# Tahiti vs. Tahiti Villages in Vegs?



## spookykennedy (Mar 29, 2007)

I see these listed separately in the II directory, so has anyone stayed at either of these? If so, which is better? We may try to exchange in this summer (yes, we know it's hot, but we meet our friends from Arizona in Vegas each summer b/c it's halfway). TIA!


----------



## dougp26364 (Mar 29, 2007)

They are different resorts with different addresses owned by the same developer (Consolidated). 

Tahiti Village is the newest and is still under construction. Tahiti's construction is completed. I think Tahiti was an apartment conversion.Tahiti Village is being built from the ground up.

Tahiti Village has a LV Blv address and they'll try to tell you it's on the "strip." Reality is that it's across the street from the LV Outlet Mall, south of the airport just off the flight path and at least 2 miles south of Mandalay Bay. Tahiti is in more of a residential neighborhood not to far from the Orleans casino.

In addition to building construction there is presently some major road work going on in front of Tahiti Village. I'm not certain how long that road construction is going to go on.

Eventually,Tahiti Village is supposed to have more of a resort atmosphere with more amenities than Tahiti, including a lazy river pool. I'm not certain where they stand on the completion of those amenities.

That's about all I can think to say about the comparison of the two resorts from an outside perspective of someone who has toured but not spent a night at either resort.


----------



## MaryBeth09 (Apr 11, 2007)

*tahiti village*

My family just returned from a week at Tahiti Village 4/4-4/11.  Husband, myself, boys 21 & 17, daughter 13.  Had 2 bedroom unit which was huge, 4 TV's and 2 sound systems.  Bathrooms had steam showers and jacuzzi.  Nicely appointed,  Didn't need a car for the strip-shuttle service ran every 1/2 hour and was reliable.  Food at adjoining restaurant (Tahiti Joe's) was excellent and reasonable.  Hope this helped!!


----------



## Fern Modena (Apr 11, 2007)

While you found the shuttle to suit your needs, I'd still recommend that people rent a car if they are staying at the resort.  There aren't any/many places that are walkable right now, such as restaurants and shops, and The Strip is over three miles away.  Having a car would be much more convenient.  If you need directions for avoiding the worst traffic, I'd be glad to give them.

Fern


----------



## spookykennedy (Apr 11, 2007)

Thank you!
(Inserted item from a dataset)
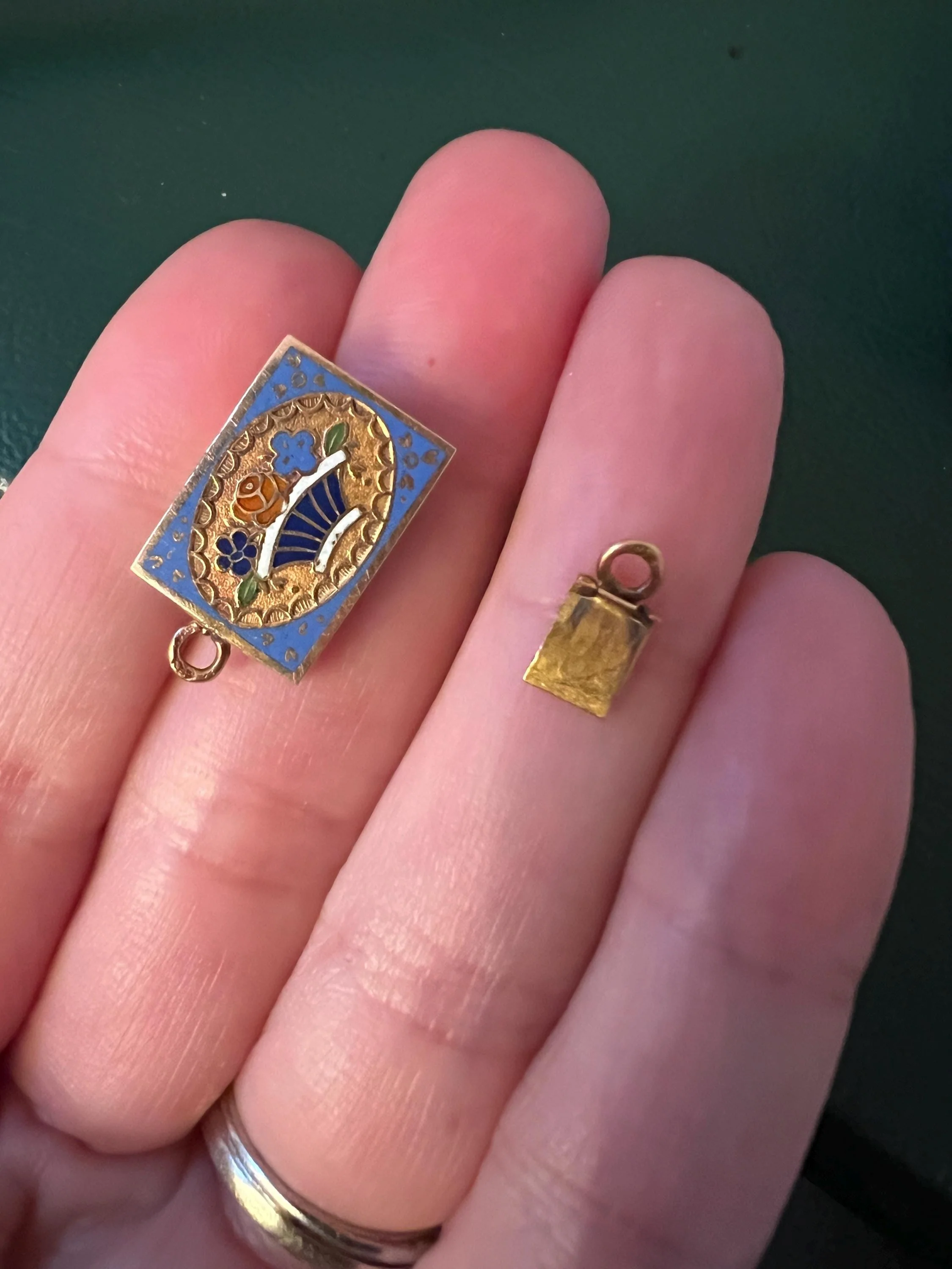 Some nicks and surface wear to the enamel but no loss to the underlying gold so the design is all complete, filled in with color where it should be, it is still very legible. The piece is in good working condition with the clasp tight and secure making a nice click. Uniform surface wear from age but fantastic to wear. Scarce and interesting piece in solid gold. Note the small loops which each held a chain - they are too small to run a chain through so the buyer would have to incorporate some jump rings or a bale that opens to connect to the piece.

We may try to trade in this summer. We love FF Grand Desert, but can't trade in with II.


----------



## M&M (Apr 12, 2007)

*Just Got a Trade Into Tahiti Village*

Can anyone tell me how much of the resort is complete? How about the pool and other resort amenities?
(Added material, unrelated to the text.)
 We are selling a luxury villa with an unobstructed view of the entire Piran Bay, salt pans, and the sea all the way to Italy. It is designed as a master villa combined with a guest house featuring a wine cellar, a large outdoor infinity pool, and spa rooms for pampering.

Does the resort have maid service, is there a fee? Any parking fees?

Thanks,
Mike


----------



## JeffW (Apr 12, 2007)

Fern Modena said:


> ...If you need directions for avoiding the worst traffic, I'd be glad to give them.
> 
> Fern



I'd assume that starts with, "Avoid the Strip!!"  We were going from Tropicana Ave to the Aladdin (dinner time), I think it took a good 30min just for that 1 - 1 1/2 blocks.

Jeff


----------



## Fern Modena (Apr 12, 2007)

Here's my "Stay Off The Strip"  directions for if you are coming from South Strip.  If you are planning to stay at one of the timeshares there, please print this out, it will save you a lot of trouble and aggrivation.
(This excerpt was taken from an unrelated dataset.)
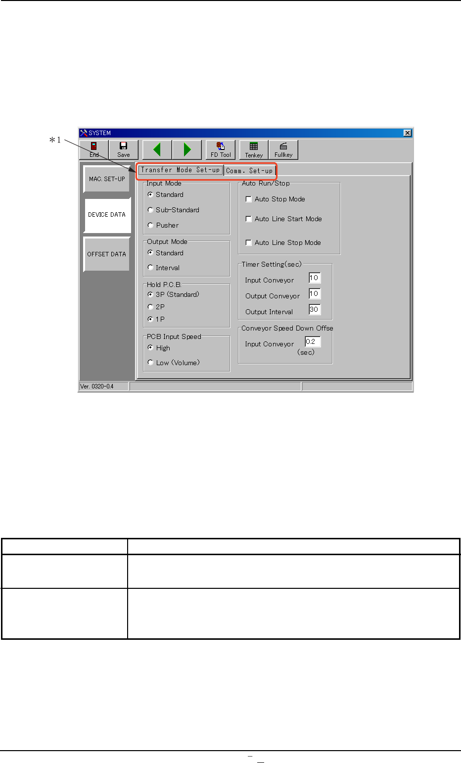 3.1 “Transfer Mode Set-up” Tab

If you come down Koval to Harmon, and turn left onto Harmon, then right on Audrie, you will see an entrance to the Aladdin's garage, where you can access both valet and self parking.  

If you are coming from South of Mandalay Bay, you'd turn right on Mandalay Bay Road.  It twists and turns a time or two, becoming Giles, then Reno, and finally Koval.  From Koval you can turn Left on Harmon for Aladdin, or left on Ida (3rd street past Flamingo) for Imperial Palace.  Continue on Koval *past* Ida to the next (unnamed) left, which will have a big sign for Harrah's and Venetian parking.  One more block and you are at Sands/Spring Mountain.  Turn left here and right at Las Vegas Blvd. for Wynn, or cross Las Vegas Blvd. for Fashion Show Mall (although I'd probably have gotten on I-15 if I was going to the mall).

For the *other* side of the street, I always take I-15.  Off at Flamingo and turn right a half a block for Bellagio, or left a half a block for Caesar's.  For Mirage and Treasure Island get off at Spring Mountain.  BUT, the offramp is two lanes, immediately after Flamingo, AND you need the LEFT LANE if you are going RIGHT.  Honestly!  Remember, just like the old folk song, "the one on the left is on the right, and the one on the right is on the left."  Stay in the right lane as you get off the freeway, and turn at the signal directly _behind_ Treasure Island.  That will lead you to both the valet and parking areas of both hotels without ever touching The Strip.  You can use this same offramp for the Fashion Show Mall, but when you get off the freeway and make the right turn you have to immediately cross all lanes of traffic and get in the left lane (I've done it; its not that bad if you've ever lived in a major metro area).  Turn Left at the first signal and you'll be in the parking lot for the mall.


Fern


----------



## MaryBeth09 (Apr 12, 2007)

*Details on Tahiti Village*

To answer your question M & M - the pool area is spread out, has a waterfall.  They are planning on putting a lazy river in.  There are going to be 5 sections when completed.  There is construction going on but nothing that interfered with activities, etc.  We never heard anything!  No parking fee, and the maid comes in on the fourth day of your stay.


----------



## seema (May 6, 2007)

We are booked to stay at Tahiti (TII) in a couple of weeks (exchange through II). Which resort are we staying at?


----------



## seema (May 6, 2007)

*Shuttle service at Tahiti (TII), Las Vegas?*

Can someone give me the details of the shuttle service provided by this resort?


----------



## dougp26364 (May 6, 2007)

seema said:


> We are booked to stay at Tahiti (TII) in a couple of weeks (exchange through II). Which resort are we staying at?



You are staying at the original Tahitii on W. Tropicana. The newer Tahitii Village is TVV


----------



## cluemeister (May 6, 2007)

JeffW said:


> I'd assume that starts with, "Avoid the Strip!!"  We were going from Tropicana Ave to the Aladdin (dinner time), I think it took a good 30min just for that 1 - 1 1/2 blocks.
> 
> Jeff



I know it's too late, but it's a quick drive from Tropicana, left onto Koval (parallel behind MGM), left on Harmon, and then right onto Audrie directly behind Aladdin into the parking garage.  5-10 minutes tops.

The two main roads to remember in Vegas are Koval and Frank Sinatra Drive.  These two roads run parallel to the strip behind the casinos.


----------